◆ **Directions**
Give the listing again word for word. Leave every image out.

Given material Block Start

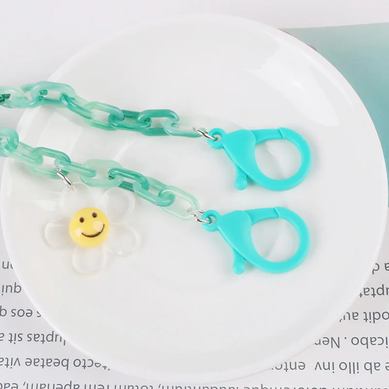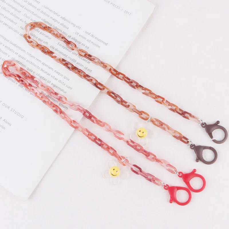 Новинка 2021, модный акриловый ремешок для детской одежды, подвеска со смайликом и цветком, защита от потери, цепочка на шею, ремешок для женщин и детей
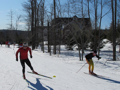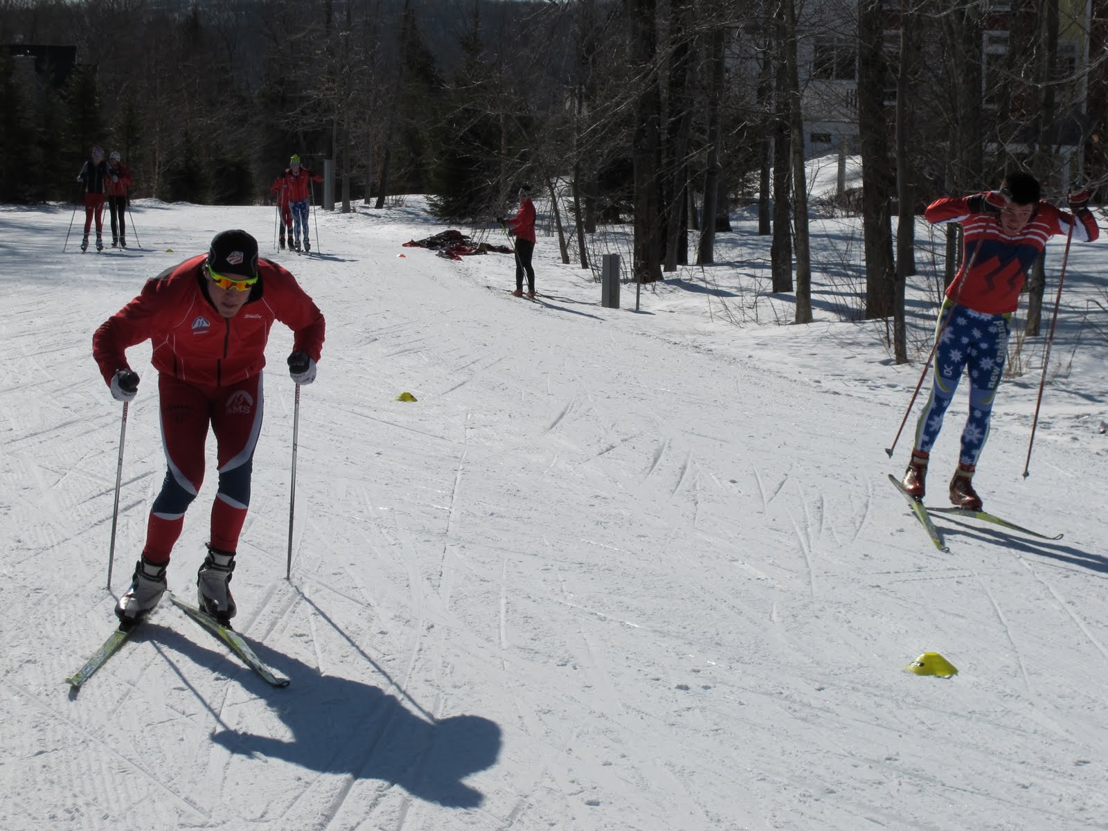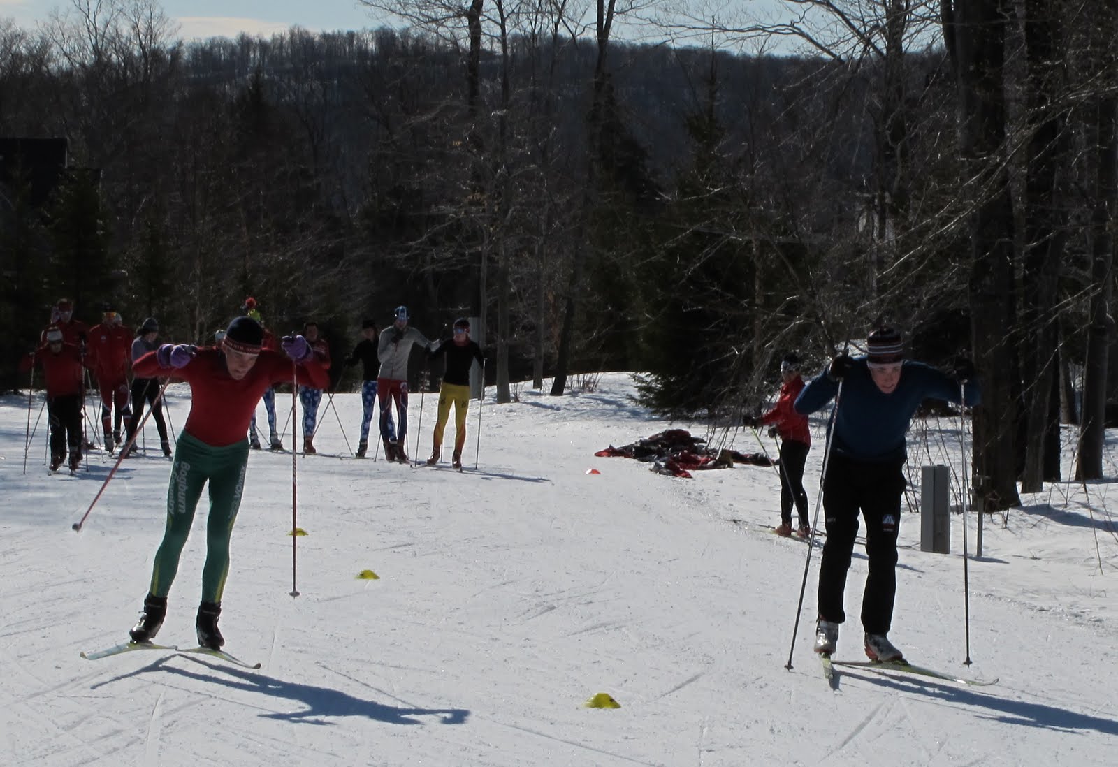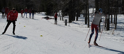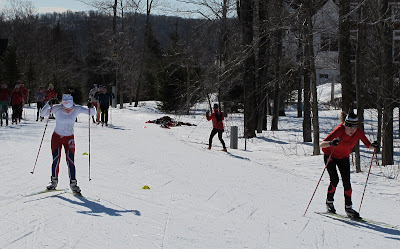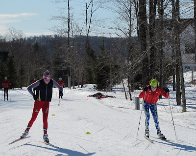 Mac lays it down on Nick (who learned not to bring his rock skis to sprint practice).
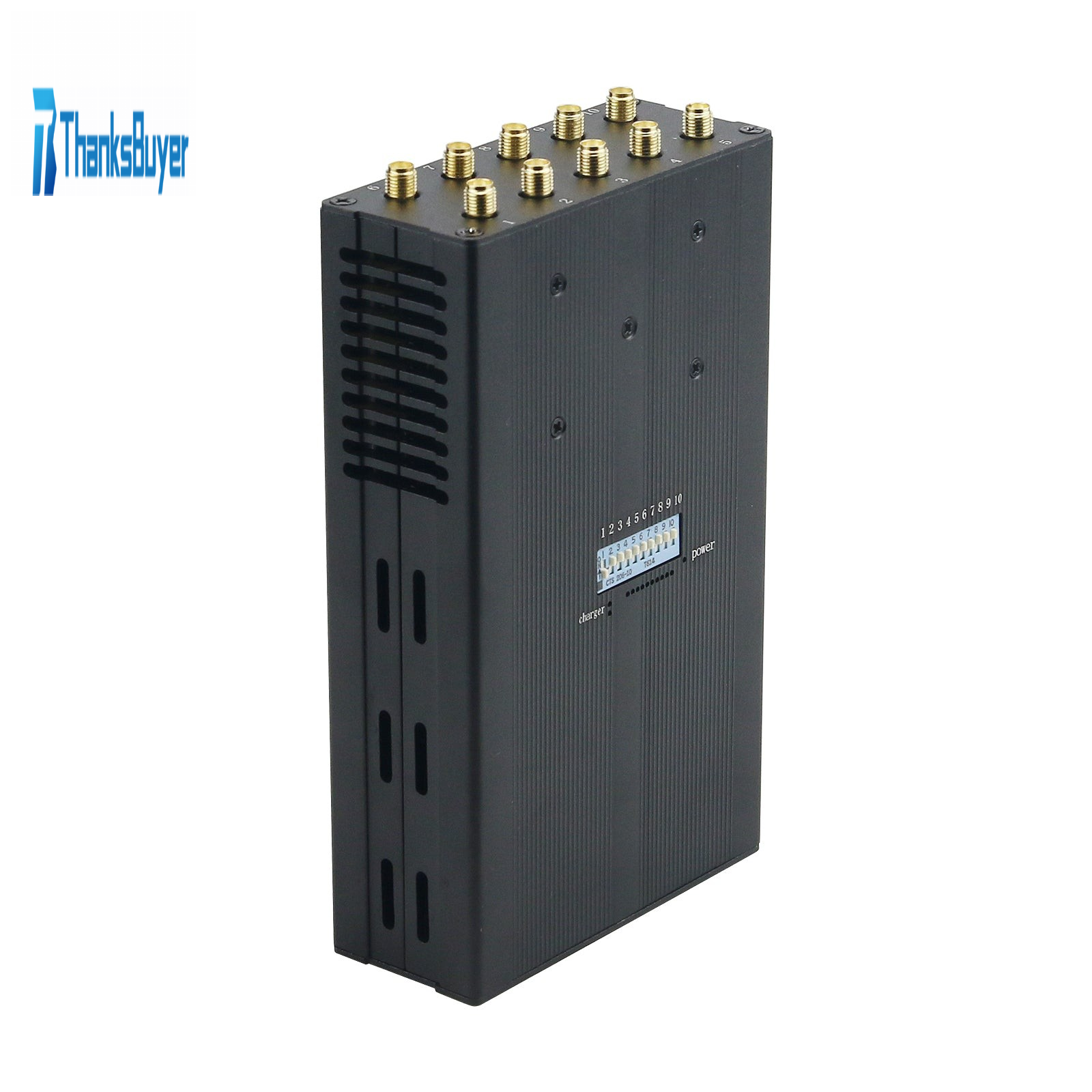 The 10-channel mobile phone signal blocker is a green device. It only shields the reception of on-site mobile phones and has no effect on surrounding base stations. This machine uses 10 channels of output, which can shield the regular frequency of mobile phone within 1-4m/3.3-13.1ft (depending on the strength of base station signal), and interrupt the communication between cellphones within the shielding range and the outside world.

Given material Block End

◆ **Task answer**
 Новинка 2021, модный акриловый ремешок для детской одежды, подвеска со смайликом и цветком, защита от потери, цепочка на шею, ремешок для женщин и детей
 Mac lays it down on Nick (who learned not to bring his rock skis to sprint practice).
 The 10-channel mobile phone signal blocker is a green device. It only shields the reception of on-site mobile phones and has no effect on surrounding base stations. This machine uses 10 channels of output, which can shield the regular frequency of mobile phone within 1-4m/3.3-13.1ft (depending on the strength of base station signal), and interrupt the communication between cellphones within the shielding range and the outside world.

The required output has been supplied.